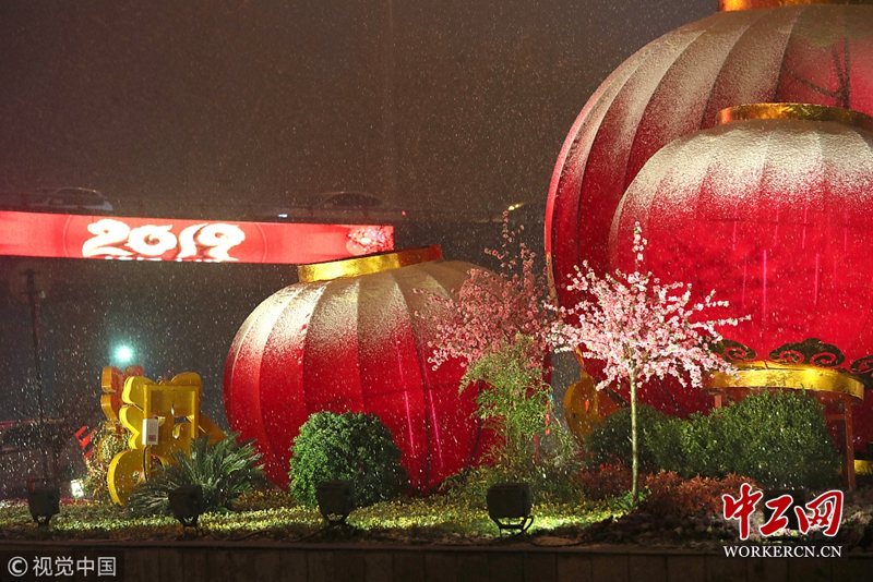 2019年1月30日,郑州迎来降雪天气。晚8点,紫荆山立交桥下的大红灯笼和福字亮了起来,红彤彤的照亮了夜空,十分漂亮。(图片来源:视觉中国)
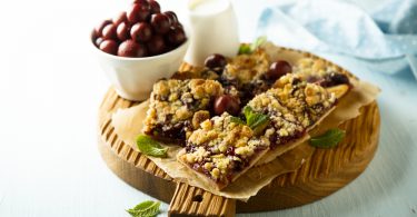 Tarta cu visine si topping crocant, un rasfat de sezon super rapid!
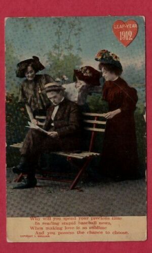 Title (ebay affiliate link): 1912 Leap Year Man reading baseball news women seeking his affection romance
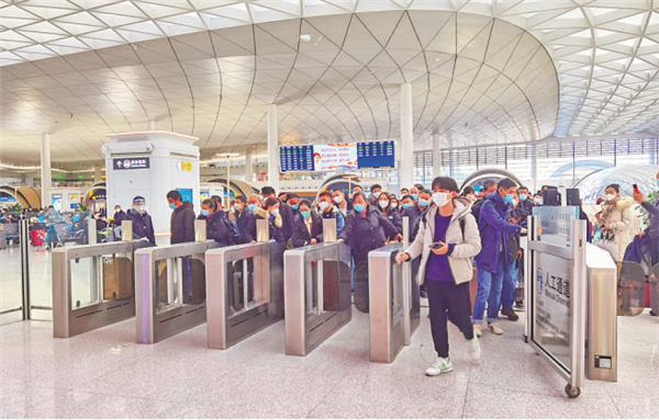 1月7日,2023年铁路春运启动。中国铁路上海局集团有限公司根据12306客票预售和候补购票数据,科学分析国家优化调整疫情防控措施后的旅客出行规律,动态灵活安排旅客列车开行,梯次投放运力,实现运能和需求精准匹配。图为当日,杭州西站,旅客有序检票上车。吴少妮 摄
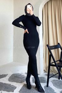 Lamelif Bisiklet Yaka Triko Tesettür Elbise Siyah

• _ACTIVITY_:
Please transcribe every entry exactly as written, leaving the pictures out.

• _ANSWER TO THE EXERCISE_:
 2019年1月30日,郑州迎来降雪天气。晚8点,紫荆山立交桥下的大红灯笼和福字亮了起来,红彤彤的照亮了夜空,十分漂亮。(图片来源:视觉中国)
 Tarta cu visine si topping crocant, un rasfat de sezon super rapid!
 Title (ebay affiliate link): 1912 Leap Year Man reading baseball news women seeking his affection romance
 1月7日,2023年铁路春运启动。中国铁路上海局集团有限公司根据12306客票预售和候补购票数据,科学分析国家优化调整疫情防控措施后的旅客出行规律,动态灵活安排旅客列车开行,梯次投放运力,实现运能和需求精准匹配。图为当日,杭州西站,旅客有序检票上车。吴少妮 摄
 Lamelif Bisiklet Yaka Triko Tesettür Elbise Siyah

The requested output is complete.